Аоба фыркнул, отложил музыкальный каталог, который листал, и поднялся со стула. На сегодня встреч не было назначено, и, как глупо бы это ни звучало, вмешательство в его дела раздражало. Не то чтобы теперь его дни были наполнены душевными порывами и волнениями, но он раздражался, когда что-то прерывало его ежедневную рутину. Чёрт, да он раздражался и когда знал, что кто-то придёт. Это означало лишь одно: из него будут вытягивать информацию.
Он полагал, что среди прочих военных узников был удачлив. У него был свой дом без тесных камер, в которых гнило большинство его коллег. А он всегда был довольно прагматичен относительно взаимодействий с людьми. Он радовался им, пока они продолжались, но в одиночестве по ним беспомощно не тосковал. Замкнутость никогда не находилась высоко в списке его недостатков, но он подозревал, что одиночество им переносилось легко. Особо общительным человеком он никогда не был. Он ценил мир и покой. После работы в NERV и столь многих сражений он этому не удивлялся.

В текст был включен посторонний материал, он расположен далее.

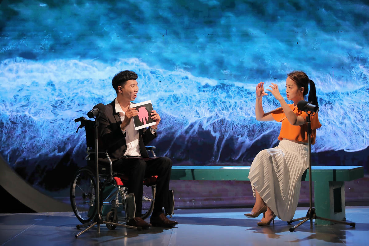 Điểm mới đầu tiên của "Trạm yêu thương" tuần này là màn “đổi vai” ngay ở đầu chương trình. Thông thường, sau phần chào đầu của khách mời khi xuất hiện trên sân khấu "Trạm yêu thương", MC của chương trình sẽ đưa ra chùm câu hỏi trắc nghiệm tâm lý giúp khán giả phần nào hiểu được tính cách của nhân vật, bên cạnh đó giúp khách mời tự tin, cởi mở hơn. Thế nhưng, vị trí đó đã được hoán đổi, vì khách mời số này là thạc sĩ tâm lý Đặng Hoàng An. Anh xuất hiện cùng giọng nói ấm áp quen thuộc trên sóng radio giới thiệu về bản thân, về vòng tròn của cuộc sống và về đôi chân tròn đặc biệt của mình.
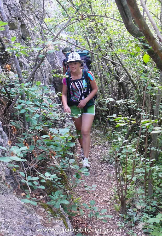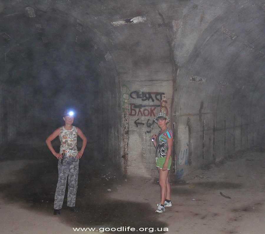 Дорога из Симферополя к поселку Морозовка (место, где начинается поход) была долгой и утомительной, хотя из окон мы лицезрели симпатичные пейзажи. Наконец-то приехали! Начинается поход, а сил то идти нет. Ноги «ватные», глупое головокружение и огромное желание прилечь где-нибудь на травке в теньке. Но нужно идти. Инструктор был прав, когда убеждал нас в том, что, свернув с дороги, подальше от цивилизации, состояние придет в норму. Я даже не заметила, куда делась усталость, когда зашли в лес. Пройдя некоторое расстояние, добрались до объекта 221. Что это за объект и зачем он был построен, читайте на сайте статью «Объект 221, или руины социалистической эпохи«. А на вид это подземные хода внутри горы, от осмотра которых дух захватывает.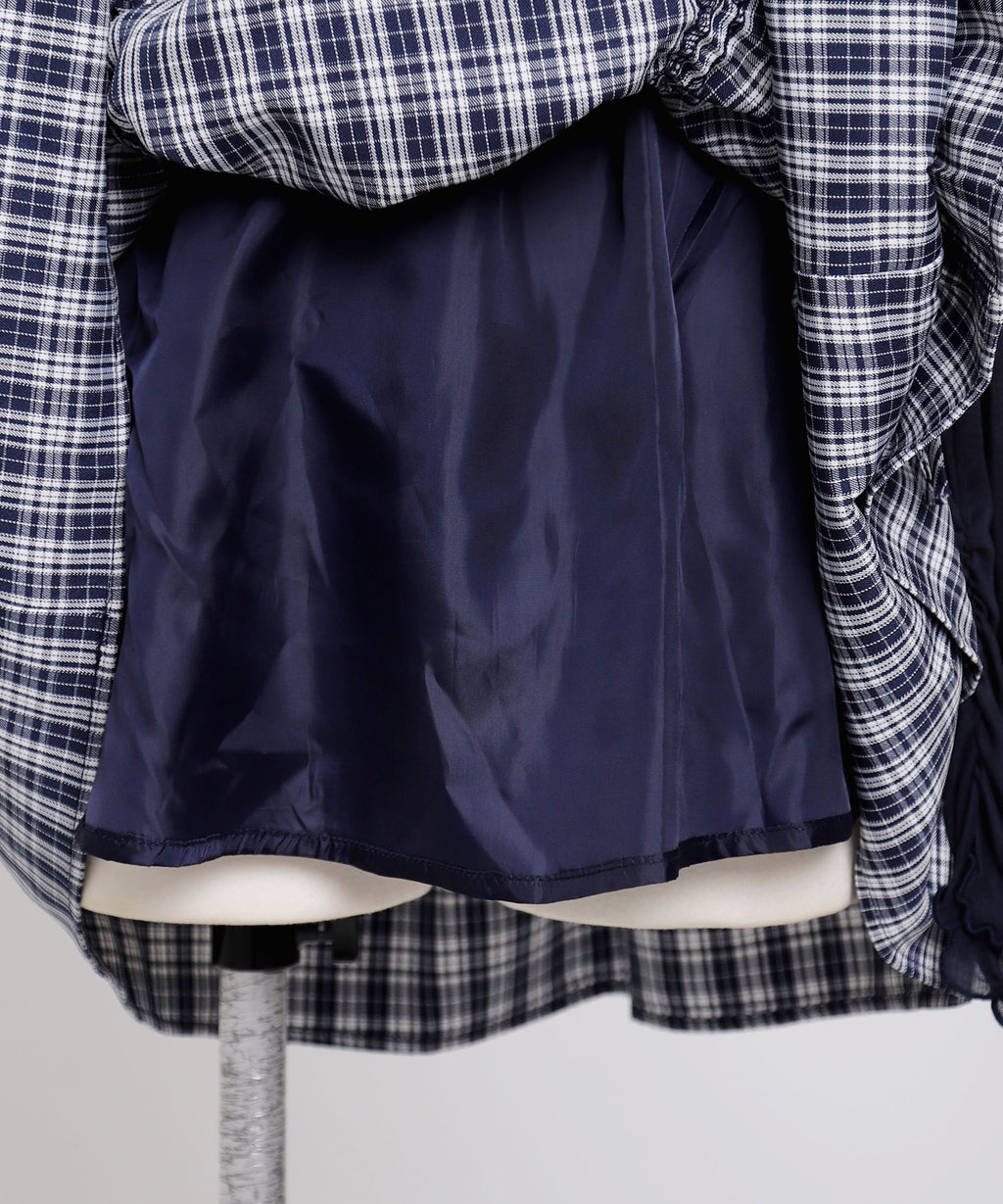ワンピースは、さらりとした質感でシワになりにくいチェック生地を使用。ボレロは伸縮性のあるシアー素材で、軽やかな着心地が魅力です。

Рядом с дверью в прихожей висело зеркало, жалкая попытка заставить этого человека чувствовать себя как дома. Он взглянул на себя и остановился. Он всегда втайне гордился своей внешностью: ходил в дорогие парикмахерские, использовал особые шампуни и хотя бы раз в неделю старался посещать спортзал.
Но его нынешнее отражение было старым, уставшим и обветшалым. Глаза - тёмные разрезы поверх серых морщин, уголки рта опущены вниз, волосы тонкие и хрупкие. Он выглядел совершенно другим человеком по сравнению с тем, каким себя помнил.